The widespread and growing use of flying unmanned aerial vehicles (UAVs) is attributed to their high spatial mobility, autonomous control, and lower cost compared to usual manned flying vehicles. Applications, such as surveying, searching, or scanning the environment with application-specific sensors, have made extensive use of UAVs in fields like agriculture, geography, forestry, and biology. However, due to the large number of applications and types of UAVs, limited power has to be taken into account when designing task-specific software for a target UAV. In particular, the power constraints of smaller UAVs will generally necessitate reducing power consumption by limiting functionality, decreasing their movement radius, or increasing their level of autonomy. Reducing the overhead of control and decision-making software onboard is one approach to increasing the autonomy of UAVs. Specifically, we can make the onboard control software more efficient and focused on specific tasks, which means it will need less computing power than a general-purpose algorithm. In this work, we focus on reducing the size of the computer vision object classification algorithm. We define different tasks by specifying which objects the UAV must recognize, and we construct a convolutional neural network (CNN) for each specific classification. However, rather than creating a custom CNN that requires its dataset, we begin with a pre-trained general-purpose classifier. We then choose specific groups of objects to recognize, and by using response-based pruning (RBP), we simplify the general-purpose CNN to fit our specific needs. We evaluate the pruned models in various scenarios. The results indicate that the evaluated task-specific pruning can reduce the size of the neural model and increase the accuracy of the classification tasks.
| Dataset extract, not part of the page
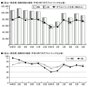 1年間で24万人もの利用者が増えましたが、航空会社別の内訳をみると、当初、利用者がJALに奪われると思われたANAが対前年比98・5%の微減でほとんど影響がなく、新規参入したJALの利用者数がそのまま上乗せされた結果になっています。

For small UAVs intended for tasks with reduced visual content, the proposed method solves both the size reduction and individual model training problems.

通过特定于内容的修剪来减少特定于任务的CNN大小。
与通常的载人飞行器相比,飞行无人机(uav)的广泛和日益增长的使用归因于其高空间机动性,自主控制和更低的成本。在农业、地理、林业和生物学等领域,诸如测量、搜索或使用特定应用传感器扫描环境等应用已经广泛使用无人机。然而,由于无人机的应用和类型众多,在为目标无人机设计特定任务的软件时必须考虑到有限的功率。特别是,小型无人机的功率限制通常需要通过限制功能,减小其移动半径或提高其自治水平来降低功耗。减少机载控制和决策软件的开销是提高无人机自主性的一种方法。具体来说,我们可以使机载控制软件更高效,更专注于特定任务,这意味着它比通用算法需要更少的计算能力。在这项工作中,我们的重点是减小计算机视觉对象分类算法的大小。我们通过指定无人机必须识别哪些物体来定义不同的任务,并为每个特定分类构建卷积神经网络(CNN)。然而,我们不是创建一个需要其数据集的自定义CNN,而是从一个预训练的通用分类器开始。然后,我们选择特定的对象组来识别,并通过使用基于响应的修剪(RBP),我们简化了通用CNN以满足我们的特定需求。我们在不同的场景下评估了修剪后的模型。结果表明,评估后的任务特定剪枝可以减小神经网络模型的大小,提高分类任务的准确率。对于用于减少视觉内容任务的小型无人机,该方法既解决了尺寸减小问题,又解决了个体模型训练问题。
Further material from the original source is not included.